Top Performers Maniacally Prepare for Job Interviews

Ramit is killing it over at his blog. In his recent post How to ace the world's toughest interviews, he says top performers maniacally prepare and hustle in order to land jobs at competitive companies. Below is a story he recounts.


A few months ago, I met a college student at a conference. He was telling me about his job search. “I have a few companies I want to go after,” he said excitedly. “I’m pretty sure I can get a job offer from all of them. Then I'll have to pick! I just have to start working on my interviews. What do you suggest?”

I asked him if he’d researched the interview process. Had he done any practice interviews with friends? What about reaching out to older friends who worked there? He shook his head no impatiently. Then he told me he’d get to all that, but did I have any “tips” to share with him?

I didn’t know what to tell him. He had no idea what he was getting into.

The companies he named were some of the most competitive in the Bay Area. He had little experience (which is fine for college students) and a competitive GPA. But his communication skills were terrible. As we talked — with him talking at me instead of with me — I compared him to a group of friends I had in college.

During interview season, this group of friends and I sat around the dining halls and shared our best interview techniques on a regular basis. We shared the craziest questions we got, the best answers we’d given, and the strategies that alumni — the hiring managers — had let us in on. My friends from this group went on to get jobs at McKinsey, BCG, Google, Goldman, and other extraordinary companies.

This isn’t meant to brag. But let me share what was happening in these dining-hall meetings. Each of us was relentlessly focused on becoming the world’s best interviewees. We studied interview techniques — for hours every week. We tested our best material with interviewers. (Many students would schedule interviews with companies they have no interest in to use as “practice interviews.” Like it or not, it works.) Then we brought it back to the group, compared notes, practiced our cadence, rhythm, and tone, tore each other’s answers apart, and systematically improved our interview skills. Over and over.

So when this random guy at a conference was telling me his interview strategy, there was a game going on around him that he didn’t even realize. Serious applicants to companies like McKinsey were practicing their case-interview techniques for MONTHS before they ever stepped foot in the interview room. These same applicants that had talked to alumni/friends currently at their target companies to get the inside scoop on what really mattered in the interviews. They’d read books and Vault Guides and had attended info sessions. By the time they got to the interview, they were absolutely ready.

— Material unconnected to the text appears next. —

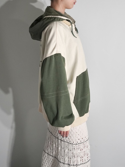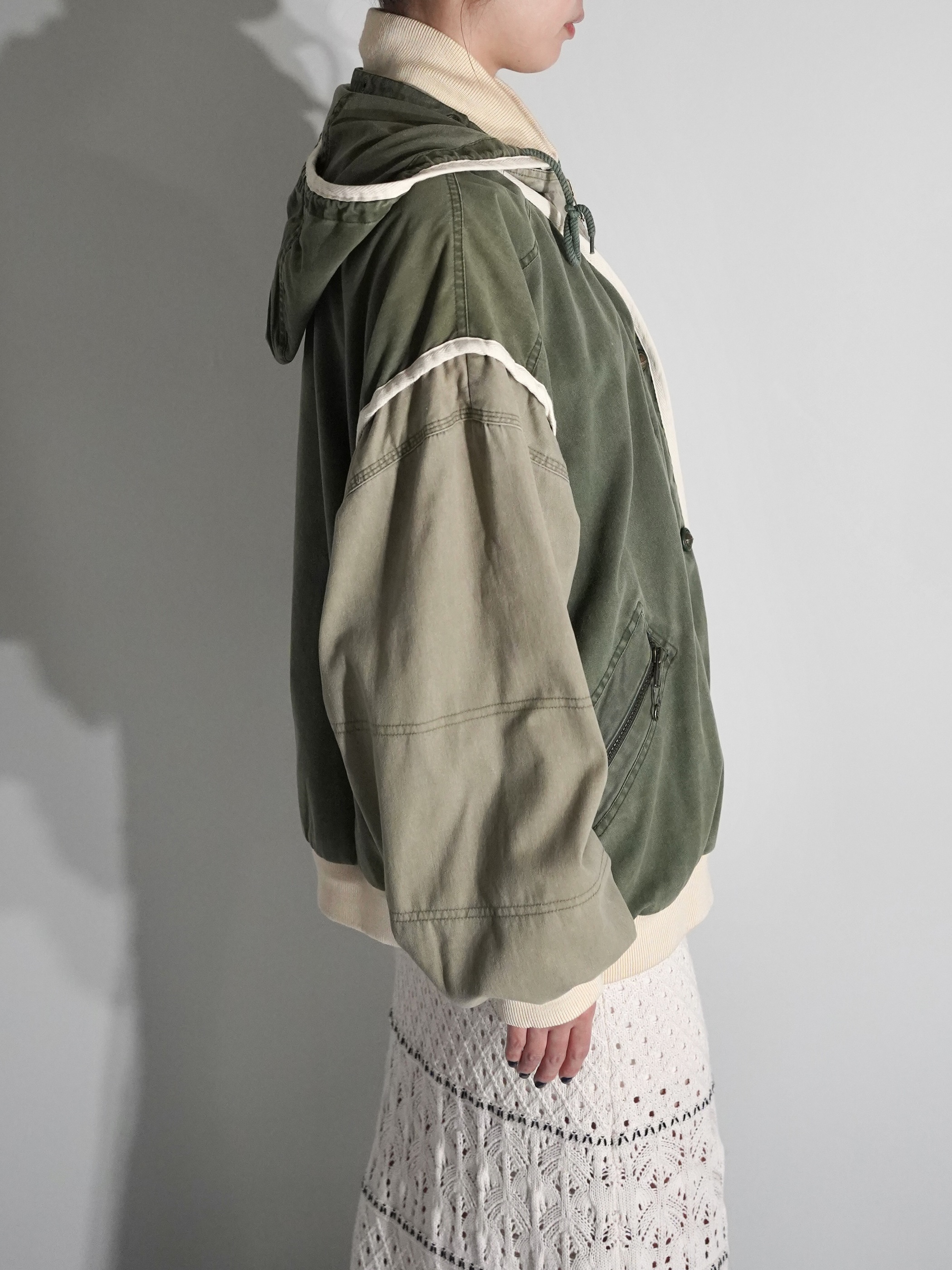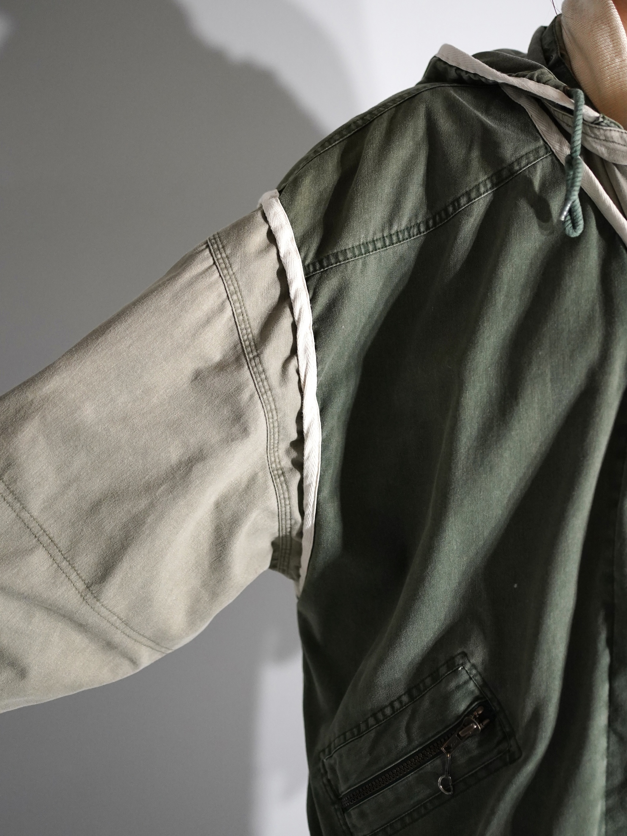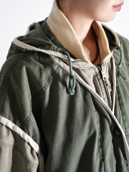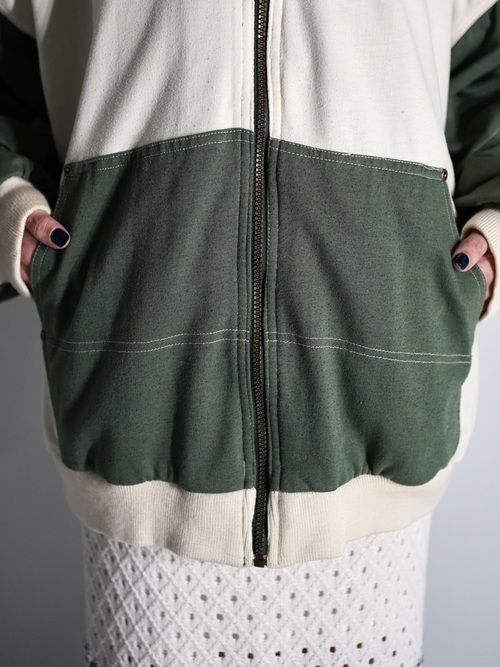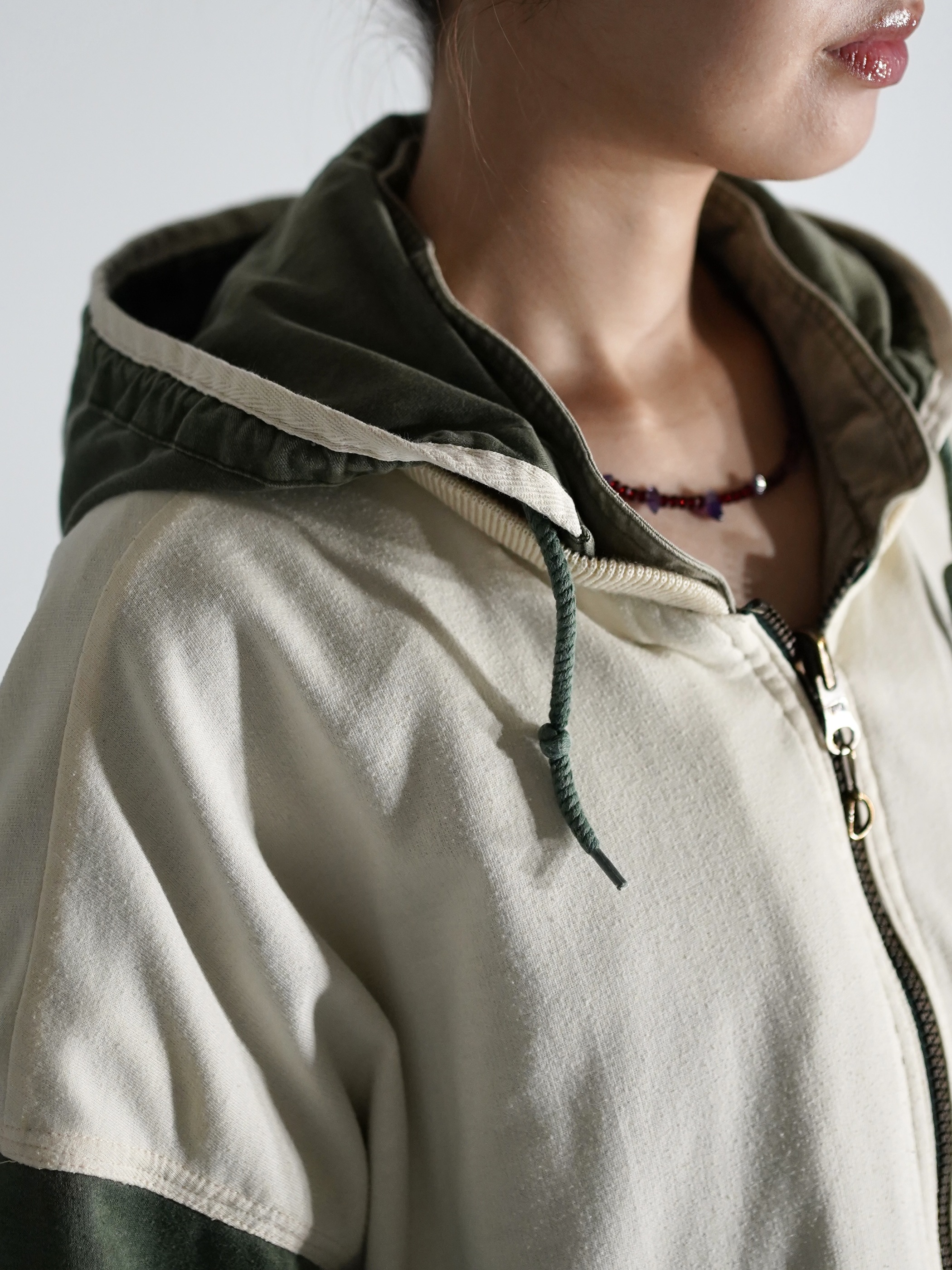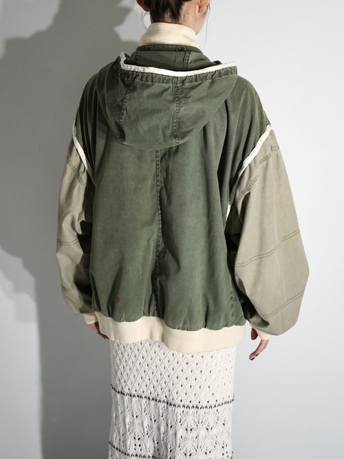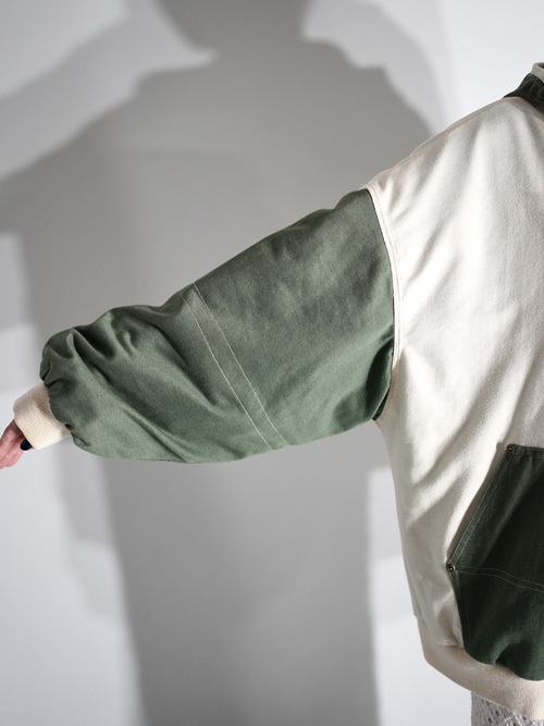 グリーンとオフホワイトの2トーンカラーで統一しつつも、両面でガラッと印象を変えるギミックジャケット

And, as with virtually any other complex transaction, 85% of the work was done before these serious candidates ever stepped foot into the interview room.

And the scary thing is, this is what most top performers do.

What does this mean for you?

Am I saying that you need connections and dozens of hours of interview prep to get a job with these companies?

Of course not.

But it sure stacks the odds in your favor.

3 comments on “Top Performers Maniacally Prepare for Job Interviews
  • It’s interesting to compare this to, e.g., the job of running 100 meters fast. There is no interview process there: “So, Mr. Bolt, where do you see yourself in five years?” It all boils down to one number. In theoretical physics, it’s not really so different – while there are interviews, what really matters is your body of work. The best interviewees stand no chance against poor interviewees, if the latter has a superior track record.

    To put it another way, a person’s interview skills mostly matter in jobs where no more objective criteria are available. If more objective criteria are available, they matter a lot less.

  • Practice helps a lot when freshers face an interview board where questions can be more or less predictable. But so will be the answers and that could wear down the interviewers. If the candidates use more or less the same rigor and practice material, the answers would as well sound predictable and the novelty could be lost – tempting the interviewers to award better scores to candidates that are quick on their feet and respond straight from the gut…

  • Krishna – that’s a *big* if. I have been doing a lot of interviewing of new graduates in the last 6 months and the lack of preparation over basic questions that they should expect in the category of interview that I’m running is astonishingly poor.

    e.g. if you are going to be working with other people do you have examples of working in teams practiced? If possible a mix of both leading and being a team member.
    e.g. have a mix of sources for your examples – don’t stick to a series of class projects/assignments. Think university/sporting/social/religious/high school.
    e.g. what do you know about the department of the company that you are applying to work for?